Although Nelson Mandela was not born in Johannesburg, he did have a law practice here in the 1950s and was arrested in the suburb of Rivonia, before being tried and convicted for treason in 1963. Mandela's autobiography Long Walk to Freedom (1995) provides a remarkable insight into what Johannesburg in the 1940s and 50s was like for this extraordinary man.

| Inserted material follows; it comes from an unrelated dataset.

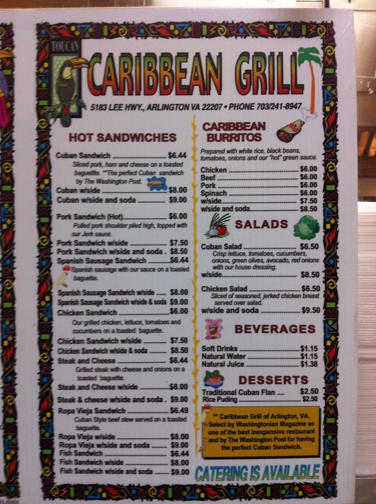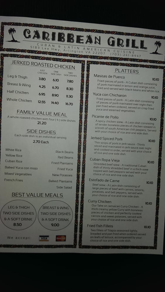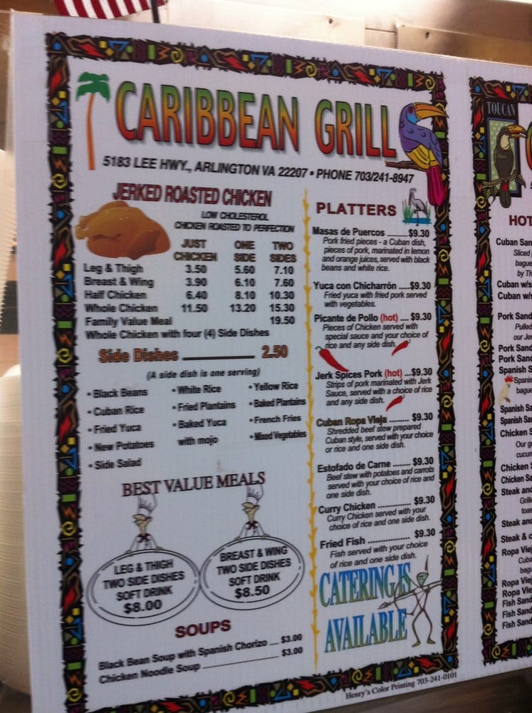 Caribbean Grill, located in Arlington, VA, offers a delightful fusion of Cuban, Caribbean, and Latin American cuisine. Known for its delicious rotisserie chicken, rice and beans, and mouthwatering dipping sauces, this restaurant has garnered rave reviews from loyal customers. The menu features a variety of dishes including yucca, yellow rice with black beans, fried fish, and the traditional Cuban national dish. Customers praise the quick service, fair prices, and juicy, flavorful chicken. The casual atmosphere, outdoor seating, and ample parking make it a convenient and enjoyable dining experience. With options for takeout, delivery, catering, and even reservations, Caribbean Grill caters to every dining need. Visit this hidden gem to savor authentic flavors that will leave you craving for more.

Zakes Mda's novel about Sophiatown, Heart of Redness (2001), explores the area during 'The golden 50s, the flowering of South African culture and the Sophiatown renaissance'. One of Johannesburg's most famous theatrical sons is Pieter-Dirk Uys, possibly better known as his alter-ego Evita Bezuidenhout. Pieter-Dirk Uys started irritating South African politicians and censors with his plays from 1973 onwards. His better known or more notorious works include Adapt or Dye (1981), which parodied the white regime's preoccupation with skin colour and, more recently, Truth Omissions (1996/1997), a somewhat acerbic comment on South Africa's Truth Commission, a post-apartheid platform to facilitate reconciliation and reparation.
One of South Africa's greatest living poets, Don Mattera, was born in Johannesburg's Sophiatown in 1935. His grandparents sent him to a private Catholic boarding school, which he hated. Here he acquired little other than skills in English, boxing and codes of masculinity, which he turned to great advantage on his return to Sophiatown, where he became leader of one of the most notorious gangs, the Vultures. Then, slowly, along with the campaign against the apartheid removals (from Sophiatown), began the process of politicisation (membership of the ANC Youth League) and his transformation from gangland boss to political activist.